## Dataset items
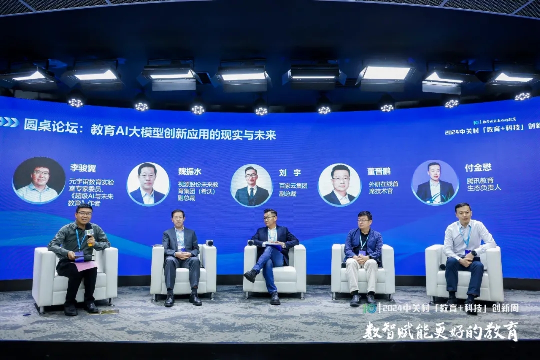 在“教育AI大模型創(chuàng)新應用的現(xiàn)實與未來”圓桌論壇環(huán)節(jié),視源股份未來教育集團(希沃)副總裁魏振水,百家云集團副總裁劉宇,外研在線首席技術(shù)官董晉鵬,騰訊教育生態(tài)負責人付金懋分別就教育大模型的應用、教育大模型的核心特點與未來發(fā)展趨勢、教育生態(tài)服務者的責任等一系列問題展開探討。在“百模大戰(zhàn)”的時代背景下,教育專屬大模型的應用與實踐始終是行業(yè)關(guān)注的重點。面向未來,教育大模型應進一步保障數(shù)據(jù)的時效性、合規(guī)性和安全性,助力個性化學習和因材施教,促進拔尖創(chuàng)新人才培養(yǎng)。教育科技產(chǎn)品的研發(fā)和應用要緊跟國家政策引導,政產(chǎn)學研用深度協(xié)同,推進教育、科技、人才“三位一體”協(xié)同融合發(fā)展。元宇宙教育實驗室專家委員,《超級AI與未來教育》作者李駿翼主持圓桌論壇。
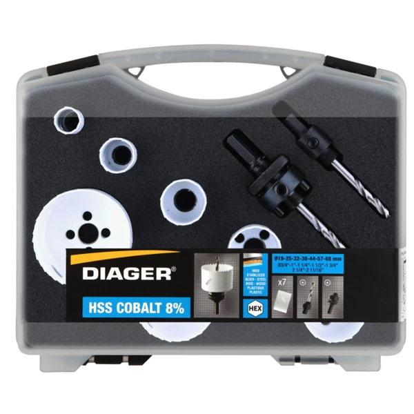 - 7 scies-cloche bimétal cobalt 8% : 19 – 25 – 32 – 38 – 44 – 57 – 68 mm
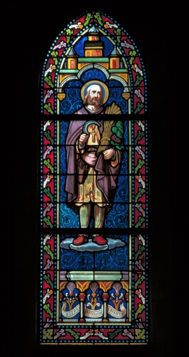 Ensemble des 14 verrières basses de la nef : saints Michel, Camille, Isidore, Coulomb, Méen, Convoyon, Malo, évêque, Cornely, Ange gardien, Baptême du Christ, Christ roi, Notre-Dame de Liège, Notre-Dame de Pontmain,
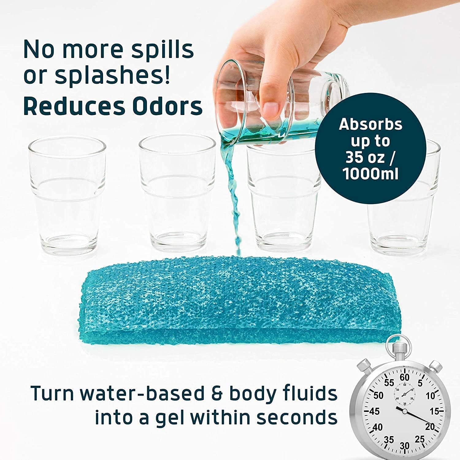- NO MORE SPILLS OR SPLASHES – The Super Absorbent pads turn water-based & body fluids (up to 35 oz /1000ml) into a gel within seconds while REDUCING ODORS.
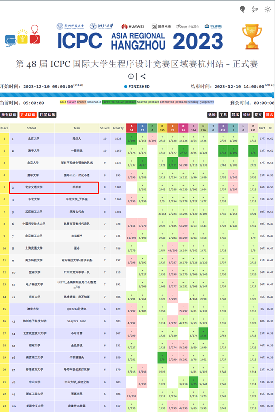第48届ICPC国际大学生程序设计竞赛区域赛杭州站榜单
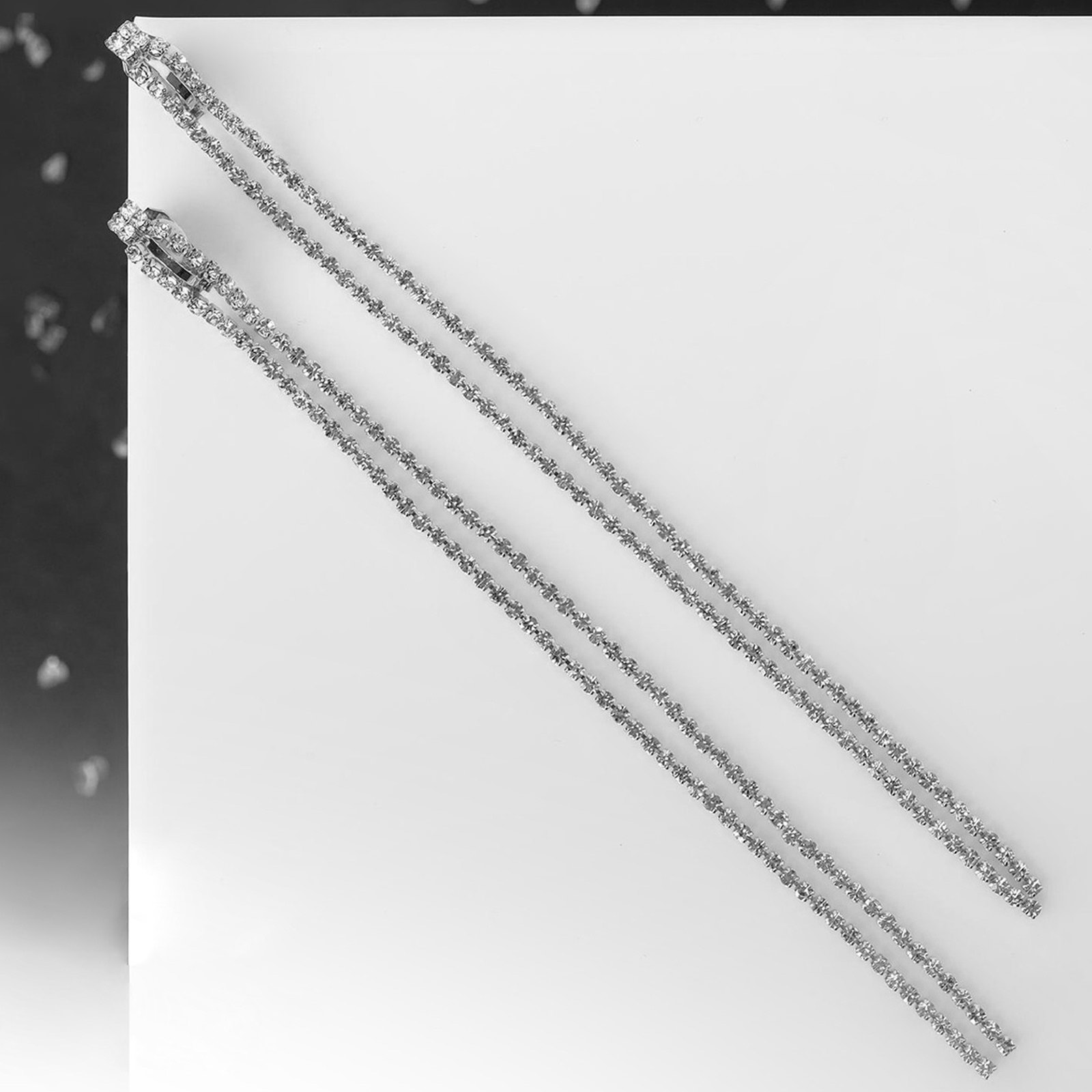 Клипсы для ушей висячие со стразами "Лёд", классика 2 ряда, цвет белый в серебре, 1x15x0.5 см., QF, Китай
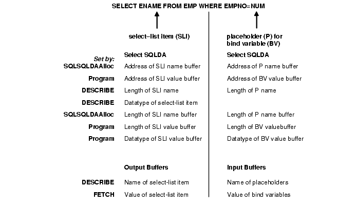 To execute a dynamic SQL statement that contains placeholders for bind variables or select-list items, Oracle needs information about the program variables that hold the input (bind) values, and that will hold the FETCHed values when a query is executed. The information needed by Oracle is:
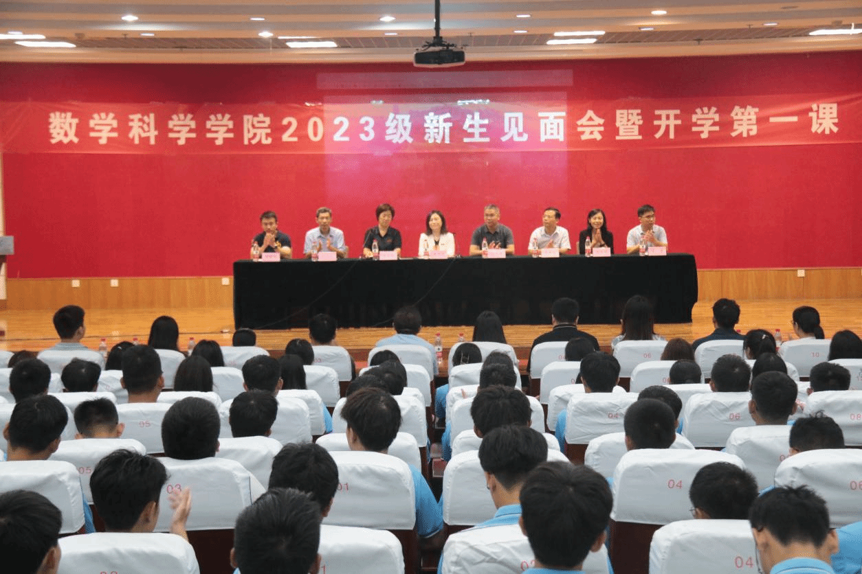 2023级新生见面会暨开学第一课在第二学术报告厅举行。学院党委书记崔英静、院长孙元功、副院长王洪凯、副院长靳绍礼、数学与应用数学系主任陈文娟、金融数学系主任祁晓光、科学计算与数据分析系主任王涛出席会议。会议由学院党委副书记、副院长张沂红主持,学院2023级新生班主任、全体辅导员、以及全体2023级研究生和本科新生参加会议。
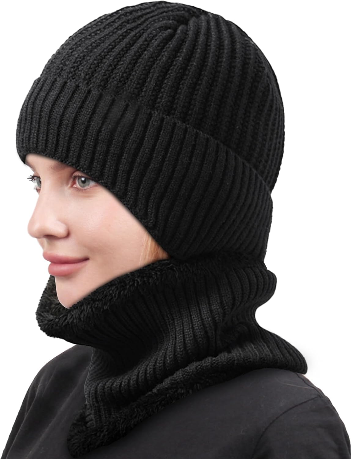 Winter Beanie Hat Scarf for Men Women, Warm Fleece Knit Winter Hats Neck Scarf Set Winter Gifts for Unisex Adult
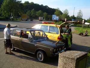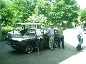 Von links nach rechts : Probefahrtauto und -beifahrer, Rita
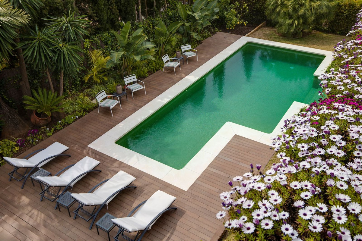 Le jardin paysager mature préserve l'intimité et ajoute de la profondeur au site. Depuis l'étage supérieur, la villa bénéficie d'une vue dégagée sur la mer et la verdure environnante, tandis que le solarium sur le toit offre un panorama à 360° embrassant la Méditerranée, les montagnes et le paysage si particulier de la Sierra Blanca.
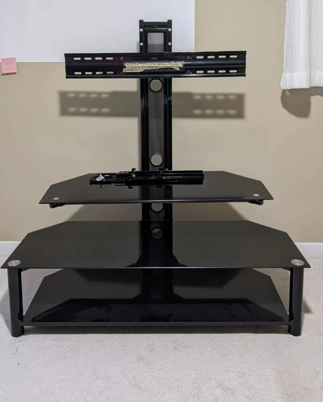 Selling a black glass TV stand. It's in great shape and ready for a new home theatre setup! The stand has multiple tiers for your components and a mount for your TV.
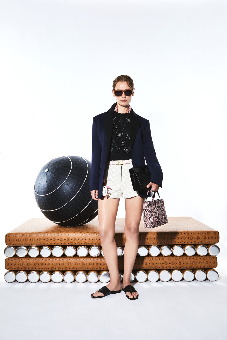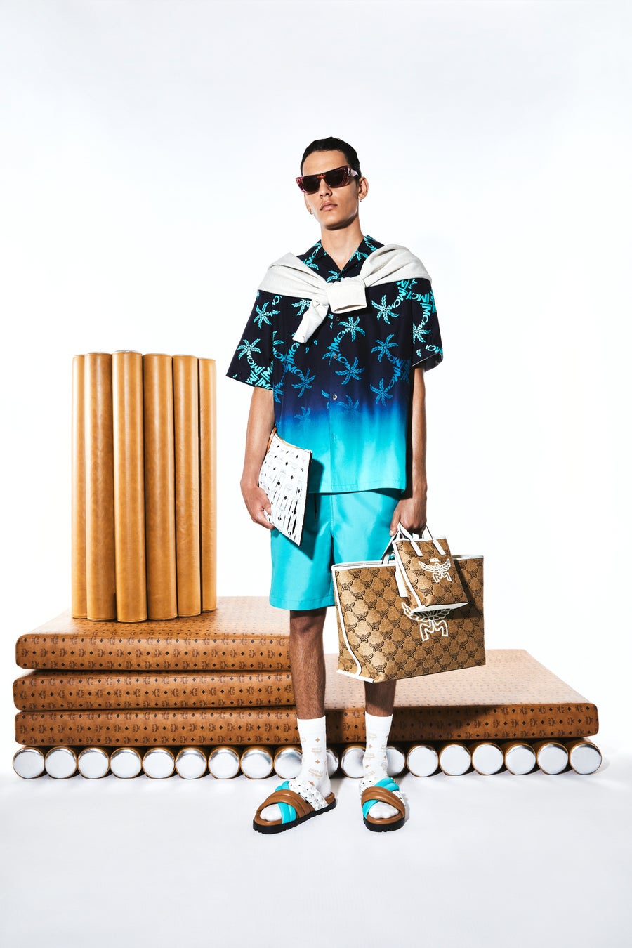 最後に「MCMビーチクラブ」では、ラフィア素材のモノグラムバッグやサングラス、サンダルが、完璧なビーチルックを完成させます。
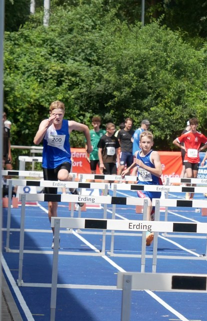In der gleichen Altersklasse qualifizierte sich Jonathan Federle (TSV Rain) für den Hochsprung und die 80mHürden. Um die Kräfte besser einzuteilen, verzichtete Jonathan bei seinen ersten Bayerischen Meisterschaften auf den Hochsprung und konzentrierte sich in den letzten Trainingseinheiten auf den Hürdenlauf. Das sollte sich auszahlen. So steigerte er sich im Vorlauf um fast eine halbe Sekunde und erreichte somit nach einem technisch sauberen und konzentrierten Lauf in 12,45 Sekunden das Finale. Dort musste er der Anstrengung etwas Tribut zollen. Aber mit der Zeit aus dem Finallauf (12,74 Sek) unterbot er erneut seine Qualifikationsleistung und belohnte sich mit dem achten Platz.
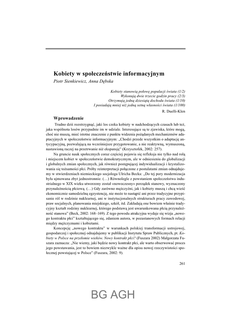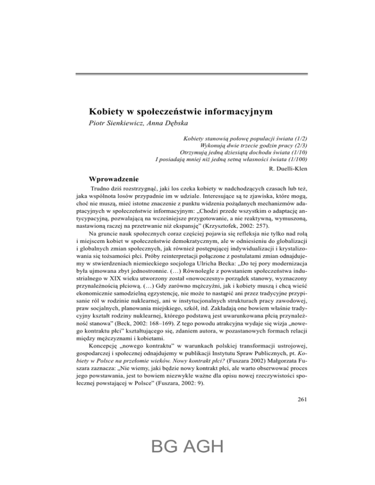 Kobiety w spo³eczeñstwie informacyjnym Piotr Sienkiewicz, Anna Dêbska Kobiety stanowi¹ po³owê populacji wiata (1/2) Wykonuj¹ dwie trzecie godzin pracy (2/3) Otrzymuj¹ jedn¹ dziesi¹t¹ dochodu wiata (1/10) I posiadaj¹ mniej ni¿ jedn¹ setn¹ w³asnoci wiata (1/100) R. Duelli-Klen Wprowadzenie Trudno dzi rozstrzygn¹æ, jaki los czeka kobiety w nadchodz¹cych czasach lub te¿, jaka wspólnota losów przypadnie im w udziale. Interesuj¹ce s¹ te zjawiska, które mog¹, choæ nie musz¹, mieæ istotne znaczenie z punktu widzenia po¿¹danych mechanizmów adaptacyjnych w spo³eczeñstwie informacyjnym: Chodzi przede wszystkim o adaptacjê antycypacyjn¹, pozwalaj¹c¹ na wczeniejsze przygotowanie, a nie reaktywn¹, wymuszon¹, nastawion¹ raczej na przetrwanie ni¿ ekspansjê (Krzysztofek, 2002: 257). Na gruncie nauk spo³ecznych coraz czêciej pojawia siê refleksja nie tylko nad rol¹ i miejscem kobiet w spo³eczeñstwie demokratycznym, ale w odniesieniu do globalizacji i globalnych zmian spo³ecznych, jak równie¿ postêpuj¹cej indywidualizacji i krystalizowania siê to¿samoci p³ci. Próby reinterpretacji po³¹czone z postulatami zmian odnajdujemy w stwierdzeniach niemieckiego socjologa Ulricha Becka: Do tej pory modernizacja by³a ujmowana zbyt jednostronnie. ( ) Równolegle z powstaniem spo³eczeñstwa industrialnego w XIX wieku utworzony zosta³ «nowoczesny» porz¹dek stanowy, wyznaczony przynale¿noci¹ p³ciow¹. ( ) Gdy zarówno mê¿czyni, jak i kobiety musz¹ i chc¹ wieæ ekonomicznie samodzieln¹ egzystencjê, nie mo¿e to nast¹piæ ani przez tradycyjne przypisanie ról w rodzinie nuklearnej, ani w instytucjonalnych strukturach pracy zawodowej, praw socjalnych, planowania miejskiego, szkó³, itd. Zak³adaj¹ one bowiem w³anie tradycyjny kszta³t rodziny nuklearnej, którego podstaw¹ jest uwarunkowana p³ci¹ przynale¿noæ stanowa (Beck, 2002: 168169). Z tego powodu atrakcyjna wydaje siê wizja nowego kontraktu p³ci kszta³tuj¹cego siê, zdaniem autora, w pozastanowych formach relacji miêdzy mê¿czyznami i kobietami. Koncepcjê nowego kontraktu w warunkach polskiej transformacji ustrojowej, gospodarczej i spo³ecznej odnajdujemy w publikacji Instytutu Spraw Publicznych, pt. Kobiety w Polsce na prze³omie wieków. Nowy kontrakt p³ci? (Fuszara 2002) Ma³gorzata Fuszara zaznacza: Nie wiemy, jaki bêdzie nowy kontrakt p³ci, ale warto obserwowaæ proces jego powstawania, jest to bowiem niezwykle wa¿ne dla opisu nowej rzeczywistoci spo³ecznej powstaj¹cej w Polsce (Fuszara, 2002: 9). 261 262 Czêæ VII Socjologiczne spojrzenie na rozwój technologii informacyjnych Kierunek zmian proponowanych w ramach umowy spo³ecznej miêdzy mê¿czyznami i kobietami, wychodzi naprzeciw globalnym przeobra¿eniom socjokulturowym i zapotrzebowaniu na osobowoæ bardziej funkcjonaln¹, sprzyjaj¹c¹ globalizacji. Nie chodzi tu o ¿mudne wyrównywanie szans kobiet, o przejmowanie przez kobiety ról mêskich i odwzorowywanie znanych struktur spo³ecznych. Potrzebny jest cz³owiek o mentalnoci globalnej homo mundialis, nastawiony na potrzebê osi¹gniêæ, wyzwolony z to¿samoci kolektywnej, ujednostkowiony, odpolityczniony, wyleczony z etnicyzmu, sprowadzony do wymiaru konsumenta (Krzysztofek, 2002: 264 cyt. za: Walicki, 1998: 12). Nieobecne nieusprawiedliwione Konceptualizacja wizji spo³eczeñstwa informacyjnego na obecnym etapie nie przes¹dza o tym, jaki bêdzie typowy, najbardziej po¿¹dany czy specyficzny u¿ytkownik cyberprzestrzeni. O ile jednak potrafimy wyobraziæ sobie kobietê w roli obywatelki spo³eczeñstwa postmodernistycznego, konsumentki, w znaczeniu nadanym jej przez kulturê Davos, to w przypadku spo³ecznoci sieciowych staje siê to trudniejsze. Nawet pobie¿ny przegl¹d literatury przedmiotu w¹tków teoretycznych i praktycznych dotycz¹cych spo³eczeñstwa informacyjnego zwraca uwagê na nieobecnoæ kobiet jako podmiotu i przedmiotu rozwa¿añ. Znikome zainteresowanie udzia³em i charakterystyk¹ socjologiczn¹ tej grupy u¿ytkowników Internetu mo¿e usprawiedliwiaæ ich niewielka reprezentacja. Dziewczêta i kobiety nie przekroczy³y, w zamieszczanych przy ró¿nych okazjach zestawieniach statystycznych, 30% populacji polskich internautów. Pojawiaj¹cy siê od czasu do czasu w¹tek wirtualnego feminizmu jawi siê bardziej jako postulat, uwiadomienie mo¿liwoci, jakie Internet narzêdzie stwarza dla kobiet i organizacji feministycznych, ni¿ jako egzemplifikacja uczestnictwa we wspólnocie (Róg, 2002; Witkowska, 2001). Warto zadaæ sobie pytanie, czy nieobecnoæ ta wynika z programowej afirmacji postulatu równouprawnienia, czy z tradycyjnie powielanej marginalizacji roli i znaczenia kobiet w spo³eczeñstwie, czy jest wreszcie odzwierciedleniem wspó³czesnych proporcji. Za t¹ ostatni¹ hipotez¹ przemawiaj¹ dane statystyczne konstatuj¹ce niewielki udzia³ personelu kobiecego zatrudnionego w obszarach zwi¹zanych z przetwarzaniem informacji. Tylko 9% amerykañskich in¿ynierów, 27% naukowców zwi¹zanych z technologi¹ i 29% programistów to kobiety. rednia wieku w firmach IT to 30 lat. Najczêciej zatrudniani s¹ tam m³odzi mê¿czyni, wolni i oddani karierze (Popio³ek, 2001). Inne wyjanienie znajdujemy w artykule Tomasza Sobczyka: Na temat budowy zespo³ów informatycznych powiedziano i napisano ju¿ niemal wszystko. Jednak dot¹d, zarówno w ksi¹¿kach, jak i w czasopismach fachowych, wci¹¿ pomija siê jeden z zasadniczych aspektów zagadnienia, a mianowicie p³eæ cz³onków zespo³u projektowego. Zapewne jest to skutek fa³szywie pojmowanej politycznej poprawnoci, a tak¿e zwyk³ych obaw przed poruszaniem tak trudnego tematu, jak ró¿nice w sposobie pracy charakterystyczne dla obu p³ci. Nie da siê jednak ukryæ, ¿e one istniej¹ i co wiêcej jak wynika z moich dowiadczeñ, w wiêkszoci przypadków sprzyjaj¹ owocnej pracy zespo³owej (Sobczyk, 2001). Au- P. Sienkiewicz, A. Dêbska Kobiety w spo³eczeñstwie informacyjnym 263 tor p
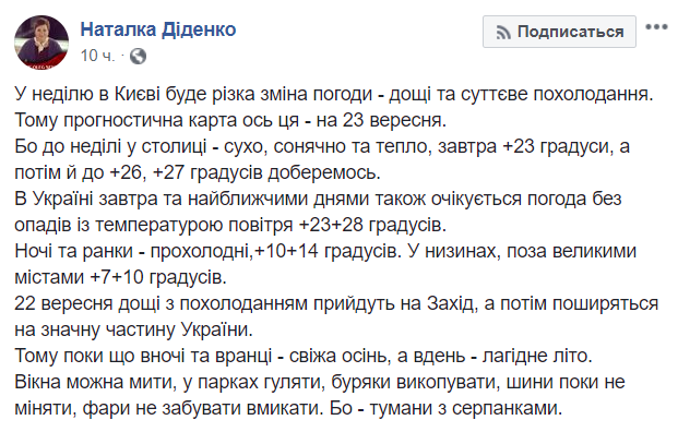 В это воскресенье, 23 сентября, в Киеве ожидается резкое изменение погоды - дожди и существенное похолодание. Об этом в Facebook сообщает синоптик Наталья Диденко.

## Problem statement
Find the line with "Winter Beanie Hat" in the data above, and from there retype each line exactly through the line with "Le jardin paysager", skipping the pictures along the way.

## Exercise response
 Winter Beanie Hat Scarf for Men Women, Warm Fleece Knit Winter Hats Neck Scarf Set Winter Gifts for Unisex Adult
 Von links nach rechts : Probefahrtauto und -beifahrer, Rita
 Le jardin paysager mature préserve l'intimité et ajoute de la profondeur au site. Depuis l'étage supérieur, la villa bénéficie d'une vue dégagée sur la mer et la verdure environnante, tandis que le solarium sur le toit offre un panorama à 360° embrassant la Méditerranée, les montagnes et le paysage si particulier de la Sierra Blanca.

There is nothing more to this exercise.